From: Diangang Li <diangangli@gmail.com>
To: tytso@mit.edu, adilger.kernel@dilger.ca
Cc: linux-ext4@vger.kernel.org, linux-fsdevel@vger.kernel.org,
linux-kernel@vger.kernel.org, changfengnan@bytedance.com,
yizhang089@gmail.com, willy@infradead.org,
Diangang Li <lidiangang@bytedance.com>
Subject: [RFC v2 1/1] ext4: fail fast on repeated buffer_head reads after IO failure
Date: Mon, 13 Apr 2026 14:25:00 +0800 [thread overview]
Message-ID: <20260413062500.1380307-2-diangangli@gmail.com> (raw)
In-Reply-To: <20260413062500.1380307-1-diangangli@gmail.com>
From: Diangang Li <lidiangang@bytedance.com>
ext4 buffer_head reads serialize on BH_Lock. If a read fails, the buffer
remains !Uptodate. With concurrent callers, each waiter may resubmit the
same failing read after the previous holder drops BH_Lock. This can turn
a single read error into long stalls and hung tasks.

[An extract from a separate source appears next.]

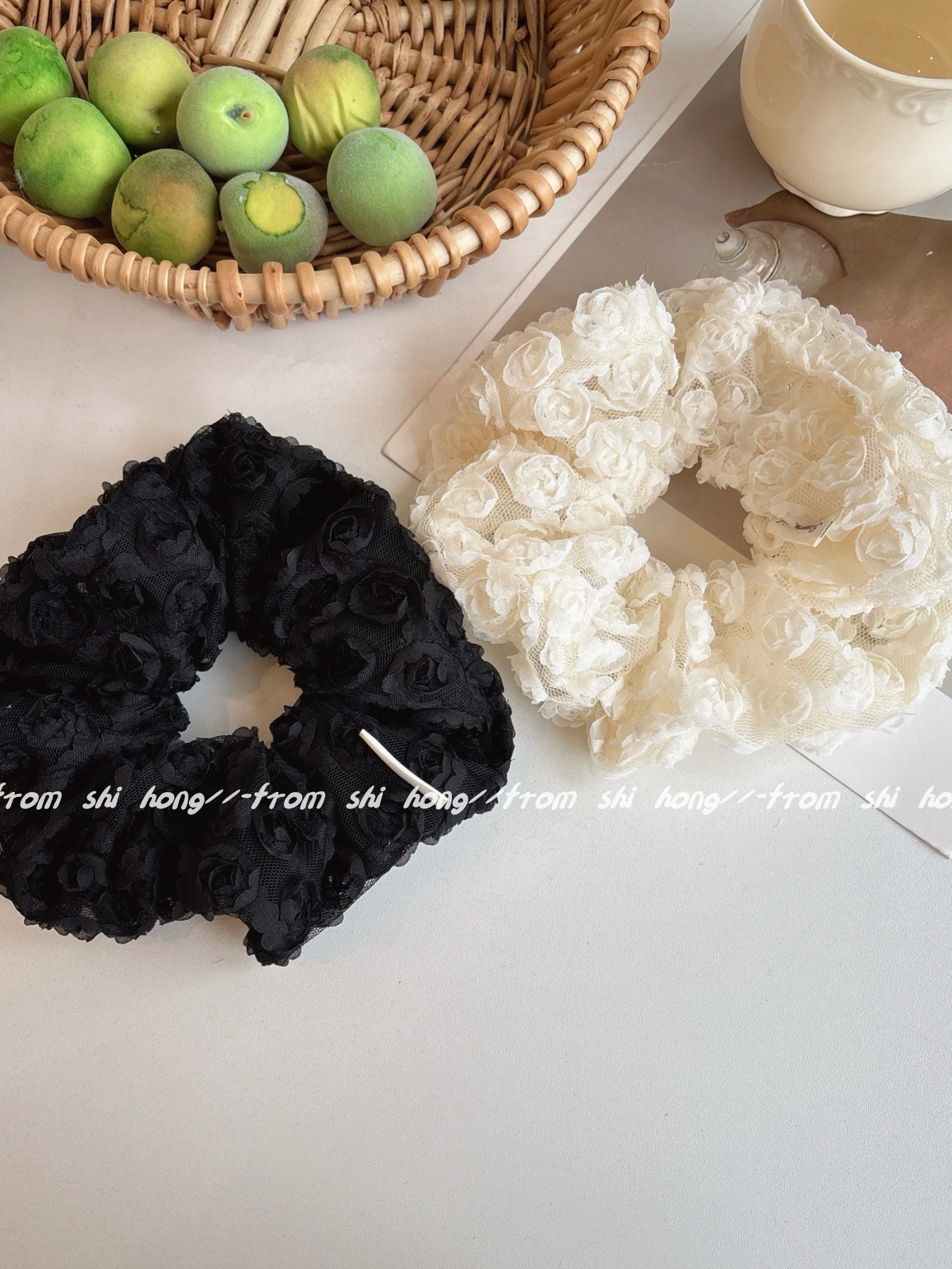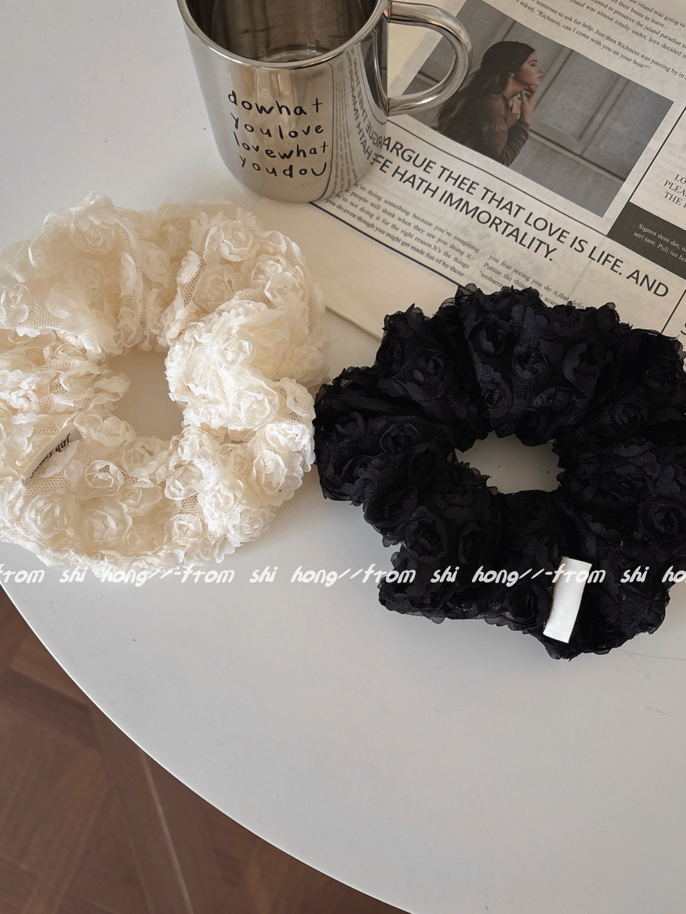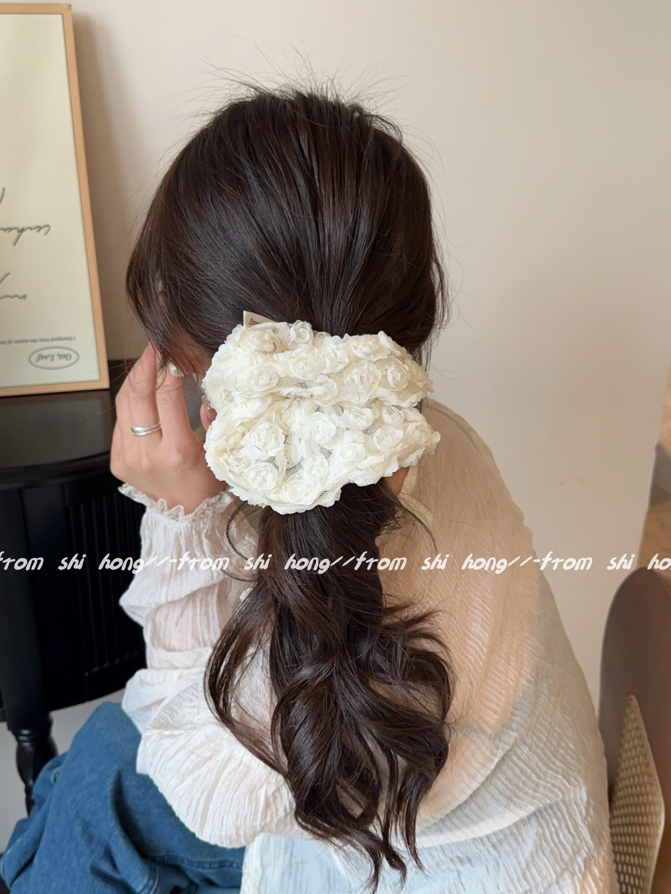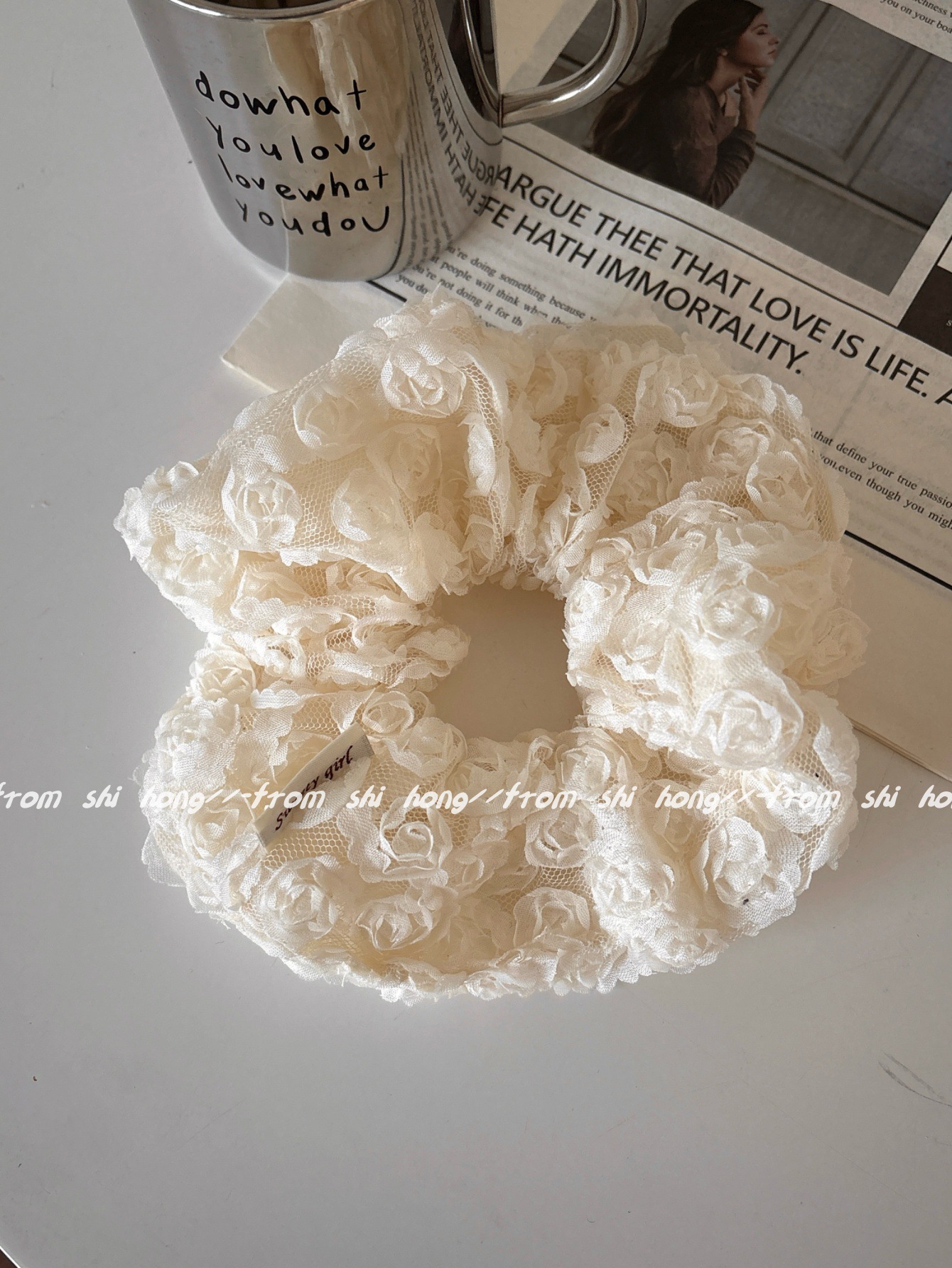 한국 스타일 화이트 달빛 꽃 3 차원 절묘한 대형 장내 헤어 링 레이스 빈티지 메쉬 헤어 로프 올 매치 볼 헤어 액세서리

The block layer already retries reads. After it gives up, re-submitting
the same buffer_head read from ext4 makes no forward progress and just
keeps waiters serialized on BH_Lock.
Record read failures on buffer_head (BH_Read_EIO + b_err_timestamp) and,
when a retry window is configured (sysfs: err_retry_sec), fail fast for
repeated ext4 buffer_head reads within the window. Clear the state on
successful completion so the buffer can recover.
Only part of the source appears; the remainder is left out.